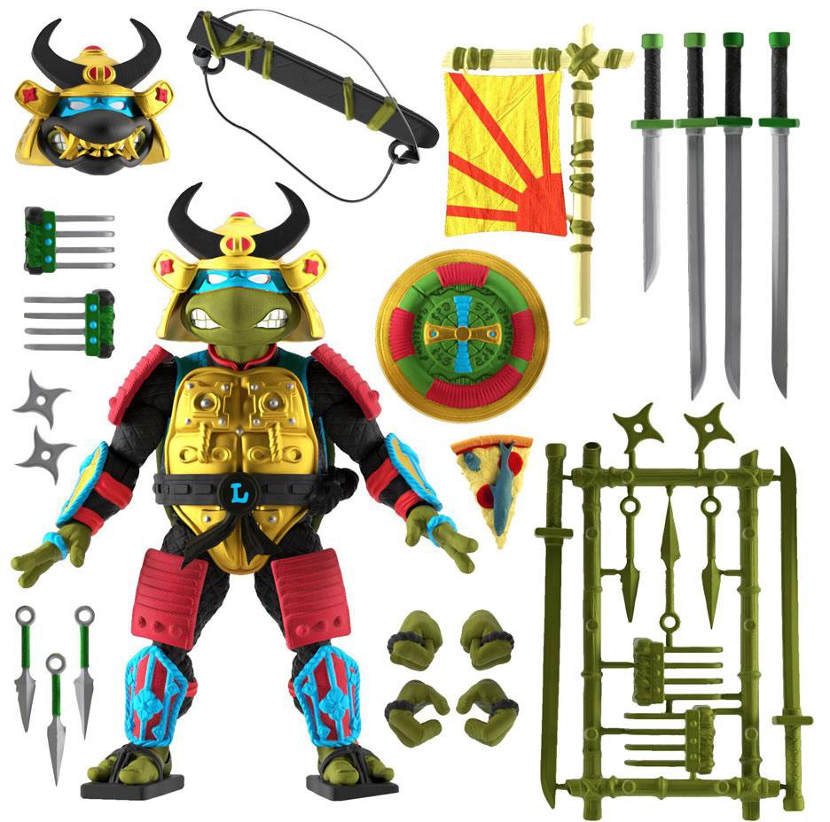 It's not all fun and games being a Teenage Mutant Ninja Turtle, and with his relentless studying and training, Leonardo leads by example as he and his brothers take on crime in the big city! This made-to-order 7" fully articulated Leo the Sewer Samurai ULTIMATES! Figure comes with alternate heads and hands and a variety of accessories, including his Wacky War Banner, Samurai shield & sheath, a slice of pizza, and a weapon rack with his shuriken, kunai, samurai claws, and katanas. Leonardo takes crime-fighting seriously, and any serious collector won't hesitate to add the Samurai Battle Commander to their Teenage Mutant Ninja Turtles ULTIMATES! lineup.
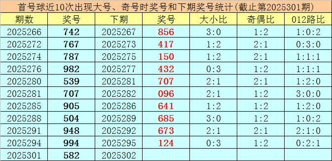 在首号球前10次开出大号、奇号类型之后,其下期分别开出奖号:856、417、150、432、707、096、641、685、673、124,其中号码012路比为4:5:1,奇偶比为3:7,大小比为5:5。
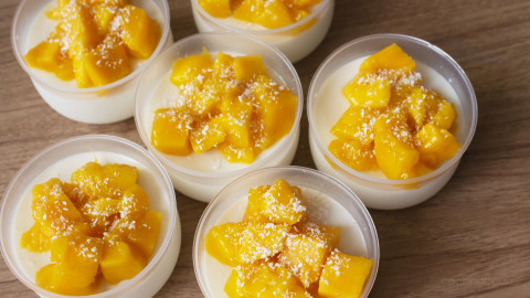 食甜品好多人都諗起芒果,貪佢有一股濃郁香氣,七月街市超市有最靚當造嘅台灣愛文芒果同金煌芒果,日本就有宮崎芒,隻隻酸甜香口,用嚟做夏日消暑甜品最啱。加上芒果向來有「熱帶水果之王」美譽,含有豐富維他命 A、維他命 C 同鉀,小朋友食幾杯香芒椰奶凍都唔怕!
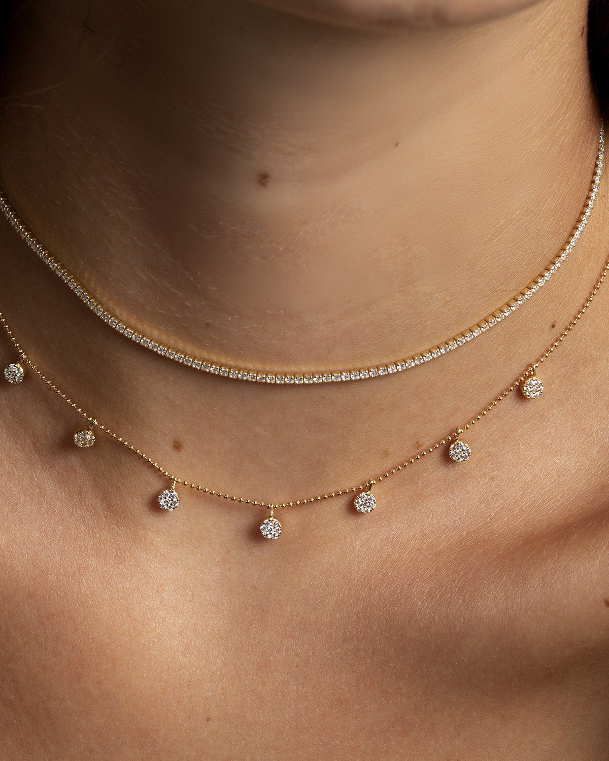 This refined rivière choker in 18k gold plated 925 sterling silver features a continuous line of sparkling zirconias for sophisticated radiance. With an adjustable 13"-15.7" (33-40 cm) fit and ultra-slim 1.75mm profile, it's the perfect elevating accessory.
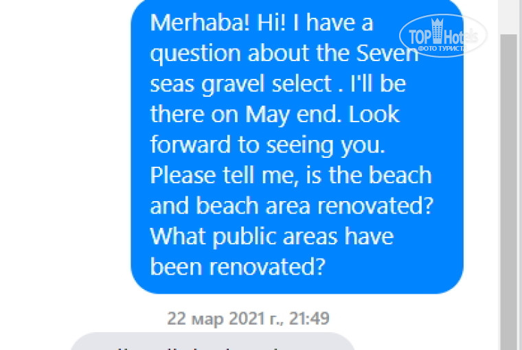 Обман и вранье – вообще визитная карточка гостиницы. Они обманывали, когда отвечали на вопросы на сайте или в Фейсбуке. Мы перед бронированием на май (который был аннулирован закрытием Турции, так что тур был перенесен на осень) спрашивали, реновирована ли территория и пляж – нас обманывали, что да. Скрин приложен. Еще об обмане – сами мы не пьем, но неоднократно слышали, что другие жаловались, что наливают в стаканы совсем не то, что написано на бутылке. И так везде. В трескучих, экстатически восторженных отзывах, написанных словно под копирку – неправда.
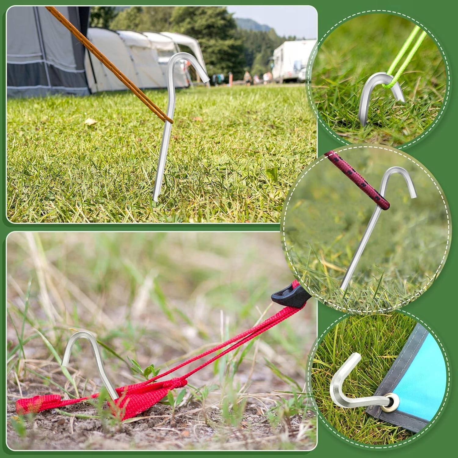 ⛺⛺⛺ [Широкий спектр применения] Колышки для палаток можно используется для крепления походных палаток, беседок, футбольных сеток, противомоскитных сеток, решеток, навесов и ветрозащитных курток. Они очень подходят для кемпинга, пеших прогулок или других видов активного отдыха.
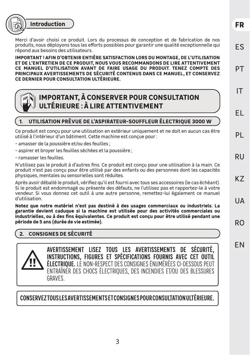 ( IMPORTANT, À CONSERVER POUR CONSULTATION ULTÉRIEURE : À LIRE ATTENTIVEMENT G. UTILISATION PRÉVUE DE L’ASPIRATEUR-SOUFFLEUR ÉLECTRIQUE 3000 W )
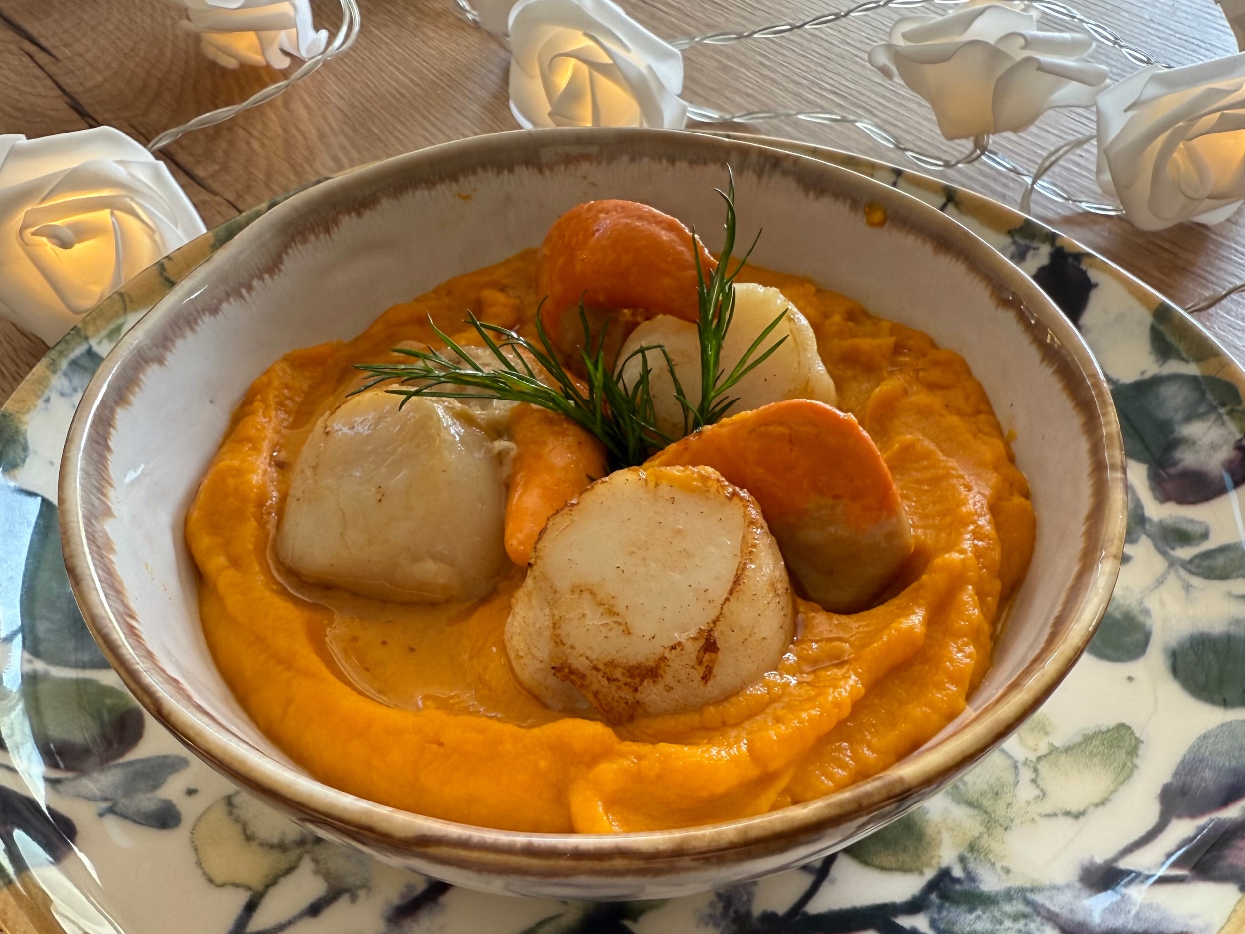 Découvrez un équilibre parfait entre douceur et raffinement avec ce velouté de patates douces, sublimé par des Saint-Jacques poêlées à la perfection.

HOW TO COMPLETE THIS TASK:
The copy should start at the line that contains "Обман и вранье", end at the last line of the entries above, and match each line exactly, with pictures dropped.

WRITTEN RESPONSE:
 Обман и вранье – вообще визитная карточка гостиницы. Они обманывали, когда отвечали на вопросы на сайте или в Фейсбуке. Мы перед бронированием на май (который был аннулирован закрытием Турции, так что тур был перенесен на осень) спрашивали, реновирована ли территория и пляж – нас обманывали, что да. Скрин приложен. Еще об обмане – сами мы не пьем, но неоднократно слышали, что другие жаловались, что наливают в стаканы совсем не то, что написано на бутылке. И так везде. В трескучих, экстатически восторженных отзывах, написанных словно под копирку – неправда.
 ⛺⛺⛺ [Широкий спектр применения] Колышки для палаток можно используется для крепления походных палаток, беседок, футбольных сеток, противомоскитных сеток, решеток, навесов и ветрозащитных курток. Они очень подходят для кемпинга, пеших прогулок или других видов активного отдыха.
 ( IMPORTANT, À CONSERVER POUR CONSULTATION ULTÉRIEURE : À LIRE ATTENTIVEMENT G. UTILISATION PRÉVUE DE L’ASPIRATEUR-SOUFFLEUR ÉLECTRIQUE 3000 W )
 Découvrez un équilibre parfait entre douceur et raffinement avec ce velouté de patates douces, sublimé par des Saint-Jacques poêlées à la perfection.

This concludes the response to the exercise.